2 Use the CALL statement to make the call. The statement should have the
form
CALL MOUSE(M1%, M2%, M3%, M4%)
where MOUSE is the variable containing the offset of the BASIC entry
point into the mouse driver, and M1%, M2%, M3%, and M4% are the names
of the integer variables you have chosen for parameters in this call.
(Constants and noninteger variables are not allowed.) All of the
parameters must appear in the CALL statement even if no value is
assigned to one or more of them.
To ensure that the variables are integer variables, use the
percent sign (%) as part of all the variable names. You may also use
the DEFINT statement at the beginning of your program. For example, the
statement
10 DEFINT A-Z
defines all variables as integer variables.
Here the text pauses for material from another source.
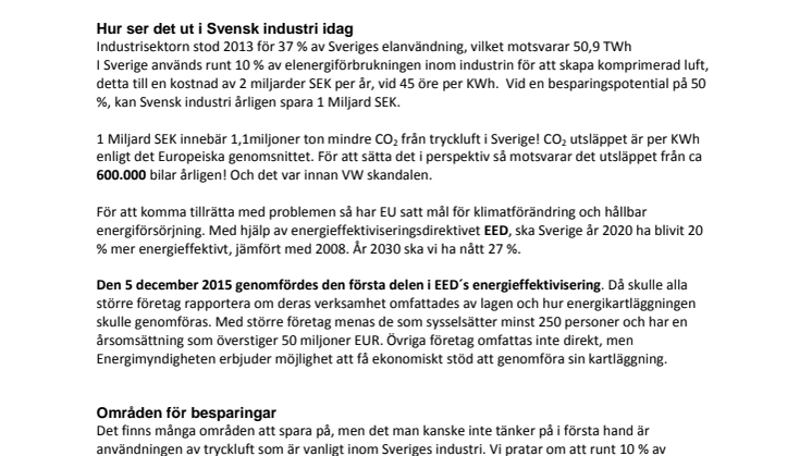 Industrisektorn stod 2013 för 37 % av Sveriges elanvändning, vilket motsvarar 50,9 TWh. I Sverige används runt 10 % av elenergiförbrukningen inom industrin för att skapa komprimerad luft, detta till en kostnad av 2 miljarder SEK per år, vid 45 öre per KWh. Vid en besparingspotential på 50 %, kan Svensk industri årligen spara 1 Miljard SEK.

If this statement appears
at the beginning of the program, the variable names don't need to
include the percent sign.
Example
Assuming that the variable MOUSE has the offset of the BASIC entry point
into the mouse driver, use the following statements to set the cursor
position to 320 (horizontal) and 100 (vertical):
100 '
200 ' Set cursor position to (320,100)
300 '
400 M1%=4 'Function number is 4
500 M3%=320 'Horizontal coordinate
600 M4%=100 'Vertical coordinate
700 CALL MOUSE(M1%, M2%, M3%, M4%)
Note For additional examples of making calls from the BASIC interpreter,
see the sample source code after the description of each function in
Chapter 6, "Mouse Function Descriptions," and the section "Piano Program"
Listing later in this chapter.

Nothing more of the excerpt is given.